Dataset entries.
..........

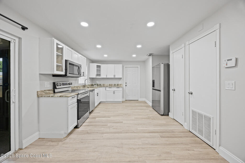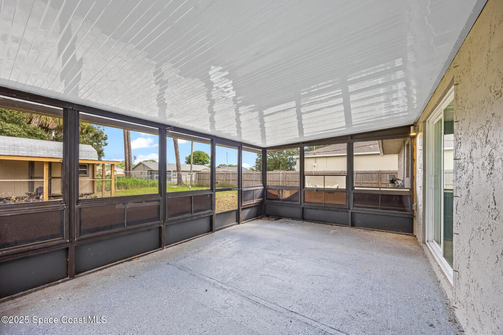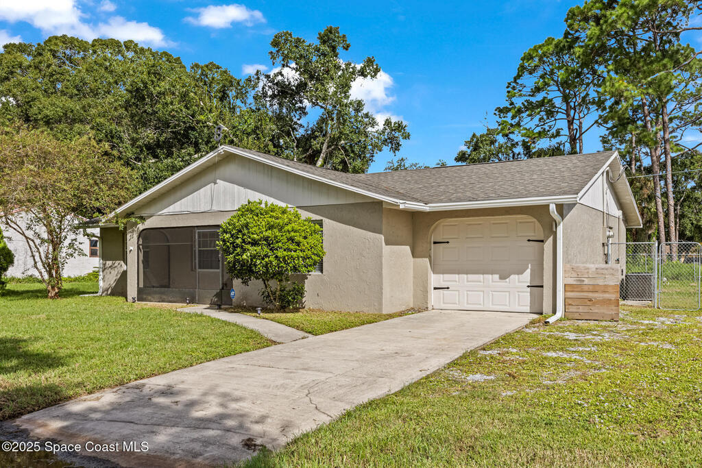 This charming home is in a prime location in Palm Bay close to everything you could want. This lovely home is 3BD, 2BA, and 1CG that offers the perfect blend of modern luxury & comfort. A newer roof/AC/water heater ensures durability, while the interior showcases updated flooring, new appliances, and open layout. Beautiful updated kitchen with granite countertops with ample room and storage. Updated bathrooms which provide peace and relaxation. This home also provides a screened-in back porch, screened-in front porch, large fenced-in backyard, and a shed for storage. This home is perfect for entertaining inside and out. Don't miss out on your piece of paradise.
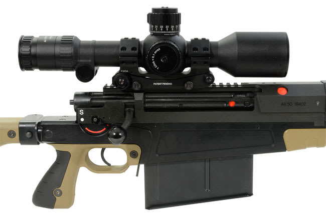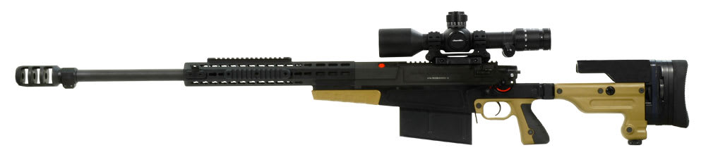 This Accuracy International 50 caliber is designed for military use as an anti material weapon system. It features a proprietary, flat bottomed, high grade steel action that is bolted to a full length aluminum chassis. A full width recoil lug totally eliminates movement, ensuring this Accuracy International 50 BMG will maintain zero under absolutely any conditions. Two pressure release points minimize blowback in the event of a cartridge failure ensuring safety of the operator.
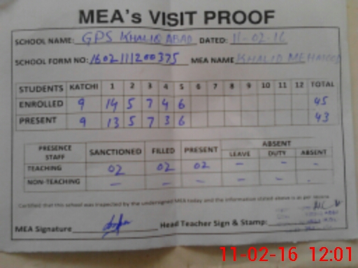 | EMIS Code: 36430256 | Name of School: GPS KHALIQ ABAD, P/O 11-A/8R, TULAMBA | |||
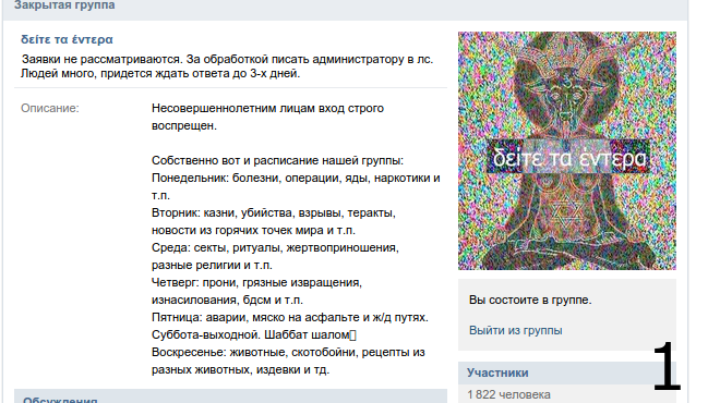 >>77127415 Не совсем, всё слишком претенциозно. Сатана на аватарке, арамейский(?) вместо названия. Всё кричит о том, мол, смотрите, как всё запретно и закрыто, но при этом доступно. Практических пояснений к картинкам практически нет, просто шок-контент. Видно, что администрация передёргивала на себя любимых, когда создавала эту группу.
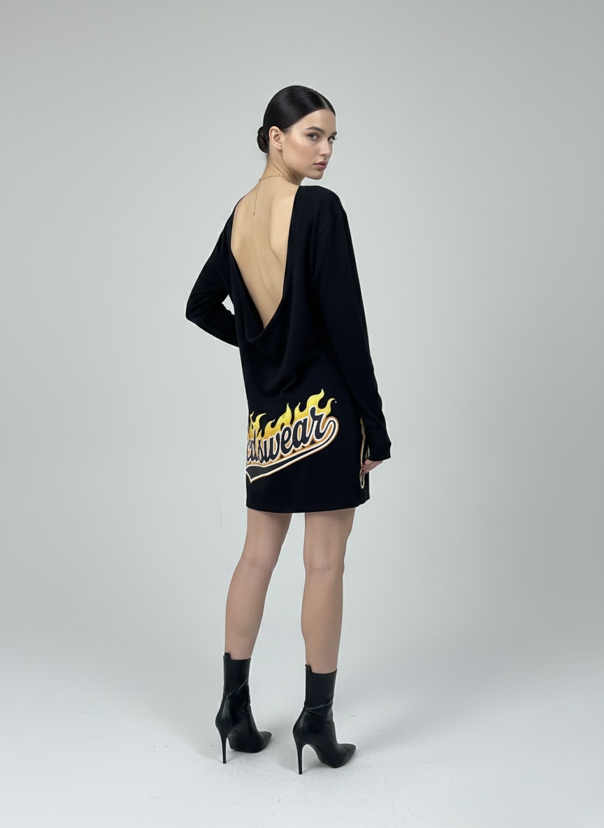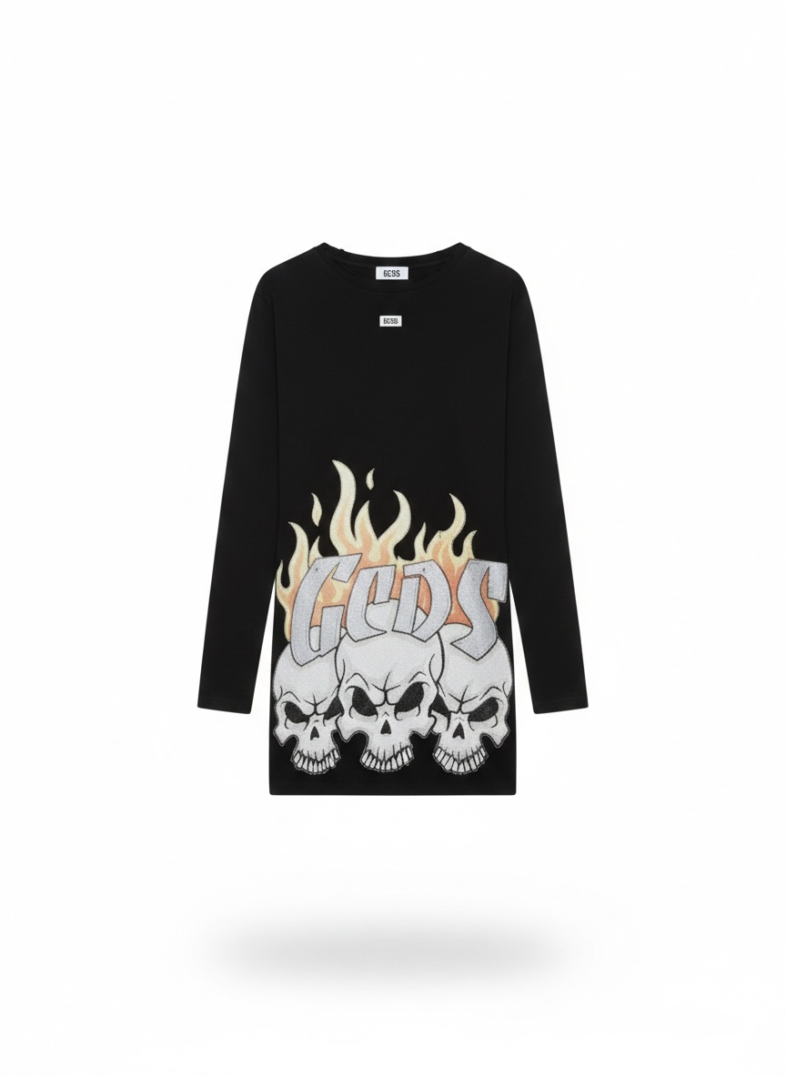Realizzato in jersey di cotone nero di alta qualità, l’abito presenta un design oversize a strati, con maniche lunghe sovrastate da maniche corte per un effetto “double layer” tipicamente urban. Il fronte è dominato da una grafica iconica: tre teschi avvolti da fiamme vibranti e il maxi logo “GCDS” in stile rock.
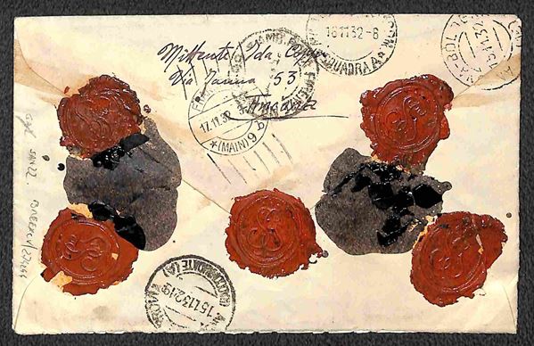Decennale 2,75 lire + 25 cent (329 + 339) + Garibaldi 75 cent (320) + Imperiale 10 lire + 25 cent (248 + 258) su assicurata (franchi oro 1080) da Ancona a Francoforte - busta molto bella in ottime condizioni

..........

What to work on. Print, exactly as written, the lines above from the first one to the one containing "TULAMBA | |||". Leave out pictures.

Response to the exercise.
 This charming home is in a prime location in Palm Bay close to everything you could want. This lovely home is 3BD, 2BA, and 1CG that offers the perfect blend of modern luxury & comfort. A newer roof/AC/water heater ensures durability, while the interior showcases updated flooring, new appliances, and open layout. Beautiful updated kitchen with granite countertops with ample room and storage. Updated bathrooms which provide peace and relaxation. This home also provides a screened-in back porch, screened-in front porch, large fenced-in backyard, and a shed for storage. This home is perfect for entertaining inside and out. Don't miss out on your piece of paradise.
 This Accuracy International 50 caliber is designed for military use as an anti material weapon system. It features a proprietary, flat bottomed, high grade steel action that is bolted to a full length aluminum chassis. A full width recoil lug totally eliminates movement, ensuring this Accuracy International 50 BMG will maintain zero under absolutely any conditions. Two pressure release points minimize blowback in the event of a cartridge failure ensuring safety of the operator.
 | EMIS Code: 36430256 | Name of School: GPS KHALIQ ABAD, P/O 11-A/8R, TULAMBA | |||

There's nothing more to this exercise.